Das Arbeitsprogramm der EU-Kommission: die politische Agenda für das kommende Jahr 

Jedes Jahr legt die EU-Kommission ihr Arbeitsprogramm vor, in dem die wichtigsten Maßnahmen und Initiativen für die kommenden zwölf Monate vorgestellt werden.  

Als Hüterin der Verträge und Impulsgeberin für die Politik gestaltet die EU-Kommission die übergeordnete Strategie der Europäischen Union und gibt deren politische Richtung vor. Zur Wahrnehmung dieser Rolle stehen der Europäischen Kommission mehrere Instrumente zur Verfügung, um ihrer Verantwortung gerecht zu werden:  

1. Die politischen Leitlinien

Zu Beginn jeder Legislaturperiode legt die EU-Kommission politische Leitlinien vor, die die obersten Prioritäten für die fünfjährige Amtszeit der Kommission definieren und als Rahmen für die Entwicklung konkreter Initiativen eines jeden Jahres dienen. 

Die politischen Prioritäten der EU-Kommission für die Amtszeit 2019-2024 umfassen sechs verschiedene Themenbereiche: Der europäische Green Deal, Ein Europa für das digitale Zeitalter, Eine Wirtschaft im Dienste der Menschen, Ein stärkeres Europa in der Welt, Förderung unserer europäischen Lebensweise, Neuer Schwung für die Demokratie in Europa. 

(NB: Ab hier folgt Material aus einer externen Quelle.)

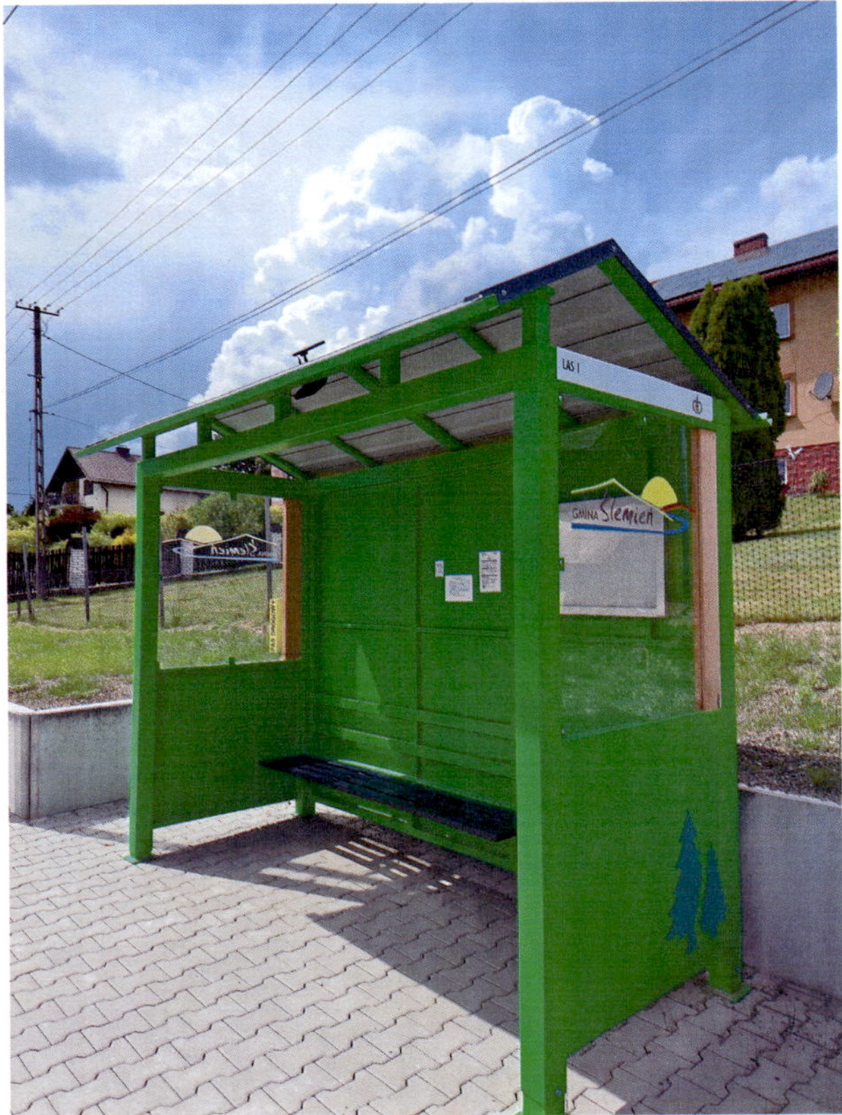
Zdjęcie ma jedynie charakter poglądowy.

2. Die Rede zur Lage der Union 

Jedes Jahr blicken EU-Entscheidungsträger und Interessenvertreter gespannt auf die Worte der Kommissionspräsidentin im Rahmen ihrer Rede zur Lage der Union. Diese Ansprache ist von entscheidender Bedeutung für die europäische Debatte und bietet eine ideale Gelegenheit, die Diskussion über wichtige europäische Themen und Herausforderungen zu eröffnen. Im September hielt die Präsidentin der EU-Kommission während der Plenarsitzung des Europäischen Parlaments die Rede zur Lage der Union, gefolgt von einer Absichtserklärung, die am selben Tag an die Präsidentin des Europäischen Parlaments übermittelt wird. Die Rede zur Lage der Union soll die europäischen Bürger sowie die anderen EU-Institutionen über die Fortschritte des vergangenen Jahres informieren und die politischen Prioritäten für das kommende Jahr erläutern. Der politische Charakter der Rede zur Lage der Union spiegelt sich in seinem Ziel wider, die Anforderungen der EU-Kommission an Transparenz und Rechenschaftspflicht gegenüber den anderen Gesetzgebern und Bürgern zu erfüllen. Obwohl die Rede zur Lage der Union als Auftakt der europäischen Diskussion über die jährliche politische Agenda fungiert, werden die einzelnen Vorschläge erst in einem letzten Schritt konkretisiert: dem Arbeitsprogramm.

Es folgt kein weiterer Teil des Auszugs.